Assigned task: Through the line with "One 1884-O $1" and starting from the first line, return the records below word for word, with pictures left out.

Material for this task:
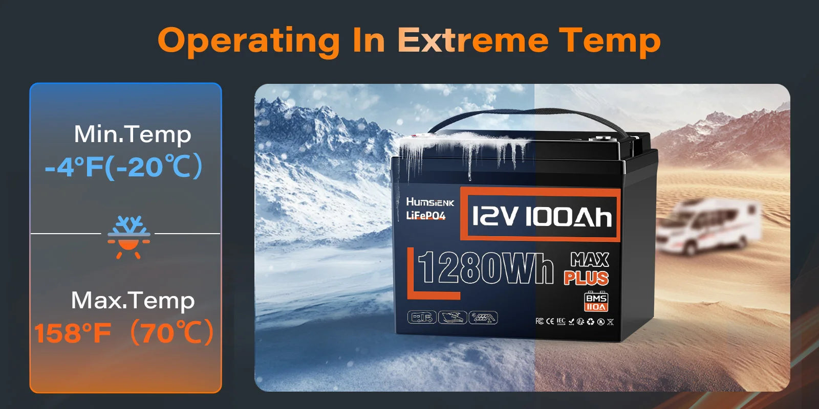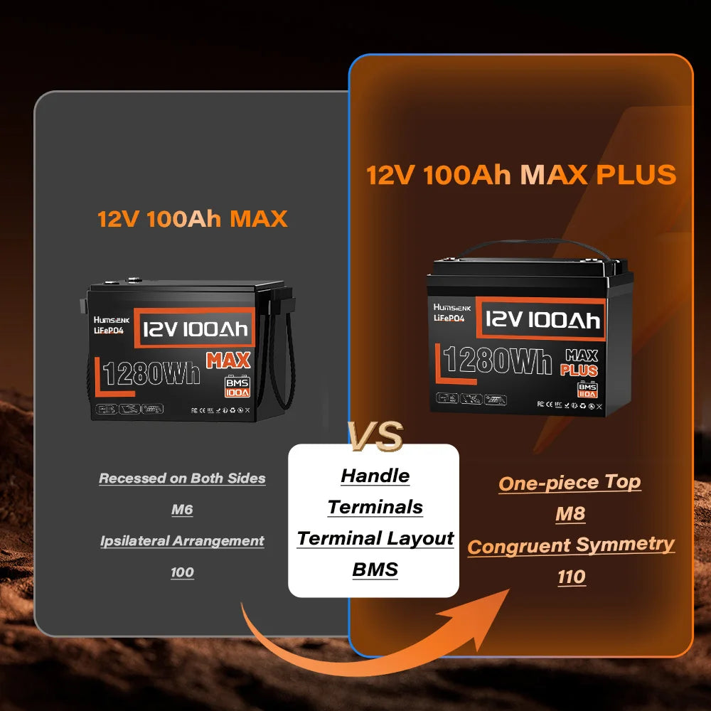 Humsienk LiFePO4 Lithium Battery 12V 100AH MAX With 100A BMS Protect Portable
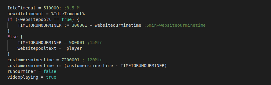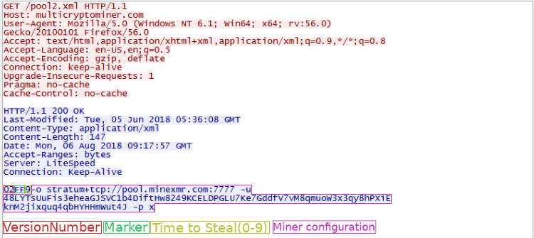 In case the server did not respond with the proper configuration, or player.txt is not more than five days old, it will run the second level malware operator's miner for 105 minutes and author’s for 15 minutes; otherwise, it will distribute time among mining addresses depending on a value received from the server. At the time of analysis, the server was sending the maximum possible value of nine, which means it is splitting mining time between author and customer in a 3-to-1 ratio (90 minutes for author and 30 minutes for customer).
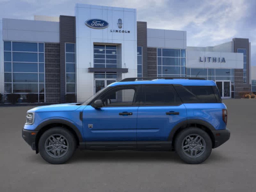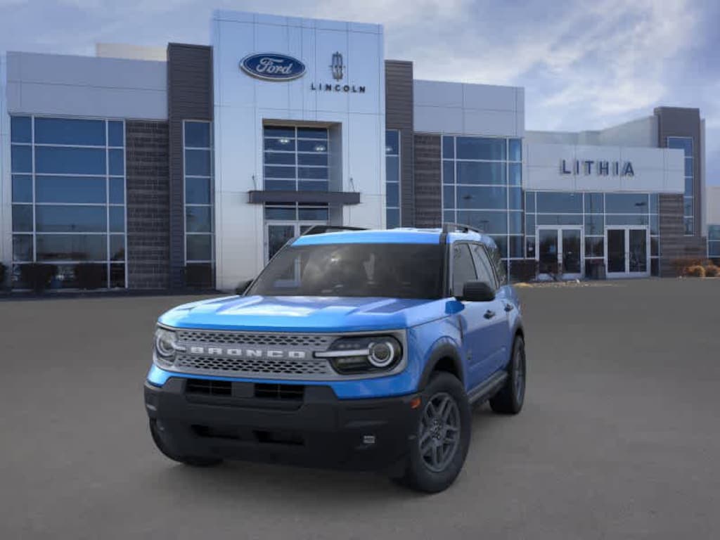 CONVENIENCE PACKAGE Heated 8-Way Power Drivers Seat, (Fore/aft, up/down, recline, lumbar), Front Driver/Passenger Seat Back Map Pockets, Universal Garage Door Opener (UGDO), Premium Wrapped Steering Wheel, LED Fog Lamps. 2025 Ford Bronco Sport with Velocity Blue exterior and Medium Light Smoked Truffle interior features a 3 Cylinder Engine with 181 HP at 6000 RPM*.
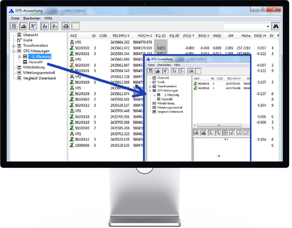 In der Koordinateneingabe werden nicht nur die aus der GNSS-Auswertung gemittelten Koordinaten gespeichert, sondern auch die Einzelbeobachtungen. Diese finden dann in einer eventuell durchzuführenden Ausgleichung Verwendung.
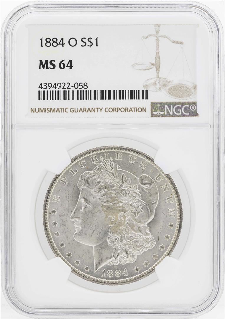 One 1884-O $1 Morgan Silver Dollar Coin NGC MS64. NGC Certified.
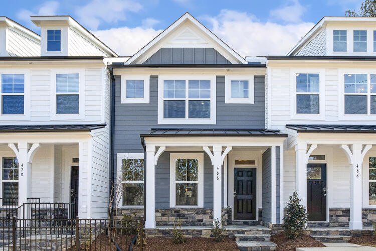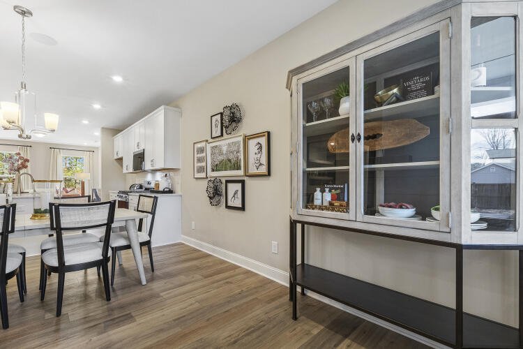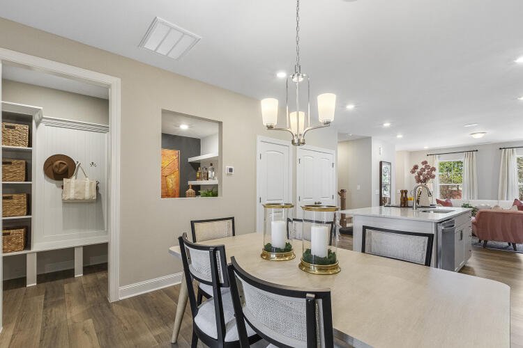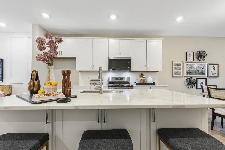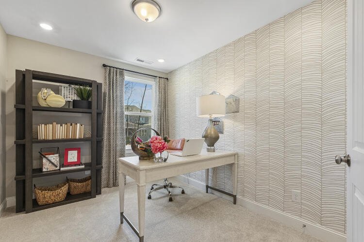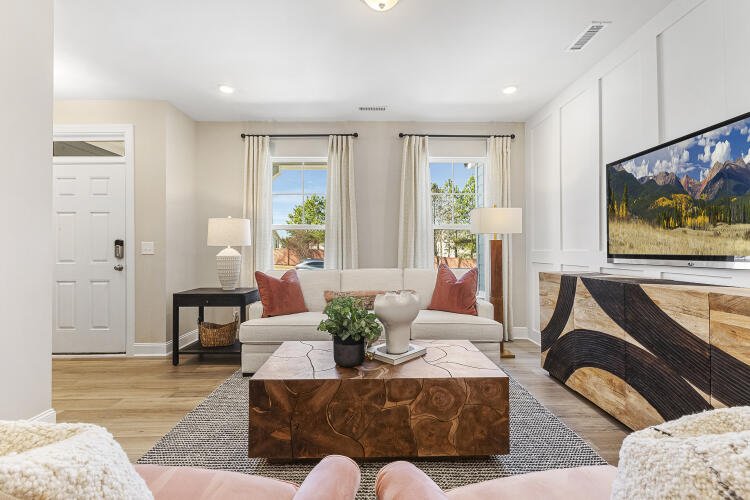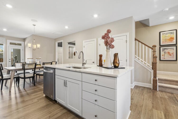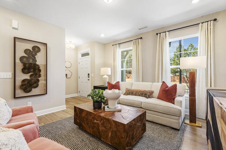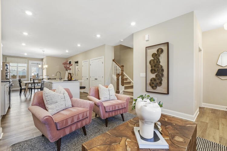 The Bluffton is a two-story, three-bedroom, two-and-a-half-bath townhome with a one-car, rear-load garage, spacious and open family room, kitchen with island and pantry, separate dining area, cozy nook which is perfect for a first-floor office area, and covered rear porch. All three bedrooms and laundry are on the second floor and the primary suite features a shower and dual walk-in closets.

Answer to the problem:
 Humsienk LiFePO4 Lithium Battery 12V 100AH MAX With 100A BMS Protect Portable
 In case the server did not respond with the proper configuration, or player.txt is not more than five days old, it will run the second level malware operator's miner for 105 minutes and author’s for 15 minutes; otherwise, it will distribute time among mining addresses depending on a value received from the server. At the time of analysis, the server was sending the maximum possible value of nine, which means it is splitting mining time between author and customer in a 3-to-1 ratio (90 minutes for author and 30 minutes for customer).
 CONVENIENCE PACKAGE Heated 8-Way Power Drivers Seat, (Fore/aft, up/down, recline, lumbar), Front Driver/Passenger Seat Back Map Pockets, Universal Garage Door Opener (UGDO), Premium Wrapped Steering Wheel, LED Fog Lamps. 2025 Ford Bronco Sport with Velocity Blue exterior and Medium Light Smoked Truffle interior features a 3 Cylinder Engine with 181 HP at 6000 RPM*.
 In der Koordinateneingabe werden nicht nur die aus der GNSS-Auswertung gemittelten Koordinaten gespeichert, sondern auch die Einzelbeobachtungen. Diese finden dann in einer eventuell durchzuführenden Ausgleichung Verwendung.
 One 1884-O $1 Morgan Silver Dollar Coin NGC MS64. NGC Certified.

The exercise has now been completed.